ВАЛЕНТИН ПАРНАХ
1891, Таганрог – 1951, Москва
Об этом человеке легче написать роман, чем биографическую справку. До революции жил в Париже, издавал там свои первые поэтические сборники, как и другие участники "Ротонды" – Эренбург и Талов, – в 1920-х годах счел нужным перебраться в СССР, где был танцором в театре Мейерхольда. Проявляя серьезный интерес к иудейским корням, набрел в парижских библиотеках на никому не известные строки поэтов-маранов, жертв испанской и португальской инквизиции (писавших не на иврите, а именно на "пиренейских" языках), составил из них книгу, которую перевел на русский язык и выпустил в издательстве "Academia"; перевел он ее и на французский, рукопись передал Арагону - а тот ее, существовавшую в единственном экземпляре, потерял. Интересуясь идеями сионизма, побывал в Палестине задолго до образования Израиля - и немедленно утратил всякий интерес к священной для сионистов идее "репатриации". Перевел на русский язык 20 стихотворений Лорки; для этого же издания, увидевшего свет лишь в 1944 году, переводила Лорку Цветаева. Четыре перевода остались неизданными, в частности, "Фамарь и Амнон" приводится ниже по автографу. Парнах "открыл" величайшего поэта-гугенота Агриппу д'Обинье, выдал его антибезбожные стихи за... антирелигиозные и в 1949 г. выпустил отрывки из его "Трагических поэм" вместе с прозой – еще один триумфальный обман цензуры. Впрочем, когда в начале 1970-х годов составитель этой антологии взялся разбирать архив Парнаха в ЦГАЛИ, многое в нем было вовсе не опубликовано. В середине 1980-х, когда Павел Нерлер закончил разбор части архива, остававшейся в руках сына поэта, А.В. Парнаха, многое из "архивного" было уже напечатано, в том числе приводимый ниже Верлен, попавший в соответствующий том БВЛ. Отдельная книга переводов Парнаха так и не состоялась, но высветился облик одного из ярчайших энтузиастов этого искусства в самые неплодотворные для перевода десятилетия. Как многие другие – Шенгели и Кржижановский, Талов и Шервинский, – не пострадав от прямых репрессий, Парнах попал на положение литературного маргинала, изгнан из литературы на ее самую крайнюю периферию, с которой всех этих людей извлекли лишь в XXI веке. Ну, а на периферию отправились в памяти человеческой былые лауреаты.
АГРИППА Д'ОБИНЬЕ
(1552-1630)
НАДГРОБНЫЕ СТИХИ НА СМЕРТЬ ЭТЬЕНА ЖОДЕЛЯ,
ПАРИЖАНИНА, КОРОЛЯ ТРАГИЧЕСКИХ ПОЭТОВ
Когда Жодель пришел, оставив наши стены,
Еще от смертных мук бессилен и разбит,
Когда подземных царств ему открылся вид,
Он с облегчением вздохнул от перемены.
Он Ахеронт нашел приятней нашей Сены,
Парижа нашего приятнее - Аид:
Хоть этот порт черней, но всё ж не так смердит,
Как жизнь там, наверху, и все ее измены.
Харон берет его в свой погребальный чёлн,
И говорит Жодель, плывя во мраке волн:
"Нельзя ль мне утонуть, чтобы скончаться снова.
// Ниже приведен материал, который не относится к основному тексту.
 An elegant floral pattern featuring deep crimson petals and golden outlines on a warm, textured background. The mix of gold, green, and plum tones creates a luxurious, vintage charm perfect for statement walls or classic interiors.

И столь же выгадать еще один разок,
Как в этот первый раз?" Но больше он не мог
Переменить жилье для счастия двойного.
* * *
Сир! Этот верный пес, который с вами встарь
В покоях ваших спал, на королевском ложе,
Теперь спит на камнях. Однако кто мог строже
Чутьем распознавать, где друг и где бунтарь?
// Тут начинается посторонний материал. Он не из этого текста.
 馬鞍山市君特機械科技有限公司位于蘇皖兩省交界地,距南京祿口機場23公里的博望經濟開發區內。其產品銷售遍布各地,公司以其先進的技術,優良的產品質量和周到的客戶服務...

Ведь лаем он пугал воров и злую тварь,
Укусами - убийц. Скажите мне: за что же
Он терпит глад, и хлад, и ругань (о вельможи,
Всё то, чем платит нам за службу государь)?
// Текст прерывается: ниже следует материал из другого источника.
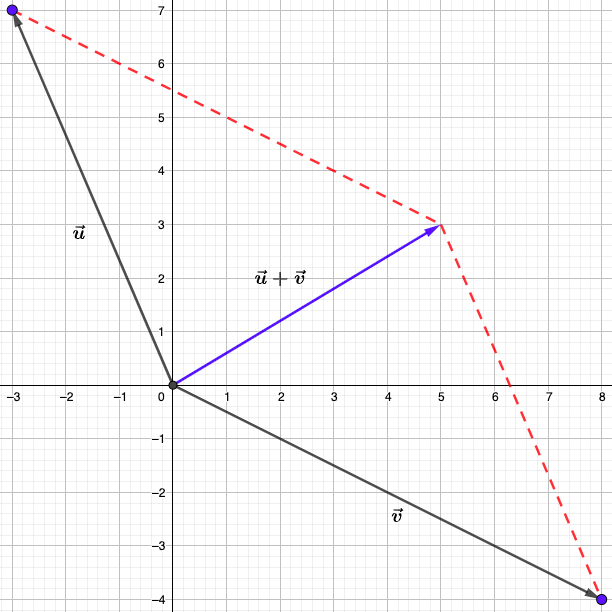 La suma de los vectores \( \overrightarrow{u}=(-3,7)\) y \( \overrightarrow{v}=(8,-4)\), es el vector: \( \overrightarrow{u}+\overrightarrow{v}=(-3+8,7-4)=(5,3)\)

Повадкой, юностью и гордостью прекрасный,
Он был любезен вам; и, недругам опасный,
Он вас бы, государь, от покушений спас.
Придворные! зачем вы гоните сурово
Пса, изнемогшего без пищи и без крова?
Такая ж пенсия за службу ждет и вас.
ПОЛЬ ВЕРЛЕН
(1844-1896)
* * *
Я всего натерпелся, поверь!
Как затравленный, загнанный зверь,
Рыскать в поисках крова и мира
Больше я, наконец, не могу,
И один, задыхаясь, бегу
Под ударами целого мира.
Зависть, Ненависть, Деньги, Нужда -
Неотступных ищеек вражда -
Окружает, теснит меня; стерла
Дни и месяцы, дни и года
Эта мука. Обед мой - беда,
Ужин - ужас, и сыт я по горло!
Но средь ужаса гулких лесов
Вот и Гончая злей этих псов,
Это Смерть! О, проклятая сука!
Я смертельно устал; и на грудь
Смерть мне лапу кладет, - не вздохнуть,
Смерть грызет меня, - смертная мука.
И, терзаясь, шатаясь в бреду,
Окровавленный, еле бреду
К целомудренной чаше и влаге.
Так спасите от псов, от людей,
Дайте мне умереть поскорей,
Волки, братья, родные бродяги!
АРТЮР РЕМБО
(1854-1891)
СИДЯЩИЕ
Рябые, серые; зелеными кругами
Тупые буркалы у них обведены;
Вся голова в буграх, исходит лишаями,
Как прокаженное цветение стены;
Скелету черному соломенного стула
Они привили свой чудовищный костяк;
Припадочная страсть к Сиденью их пригнула,
С кривыми прутьями они вступают в брак.
Со стульями они вовек нерасторжимы.
Подставив лысину под розовый закат,
Они глядят в окно, где увядают зимы,
И мелкой дрожью жаб мучительно дрожат.
И милостивы к ним Сидения: покорна
Солома бурая их острым костякам.
В усатом колосе, где набухали зерна,
Душа старинных солнц сияет старикам.
И так Сидящие, поджав к зубам колени,
По днищу стульев бьют, как в гулкий барабан,
И рокот баркарол исполнен сладкой лени,
И голову кружит качанье и туман.
Не заставляй их встать! Ведь это катастрофа!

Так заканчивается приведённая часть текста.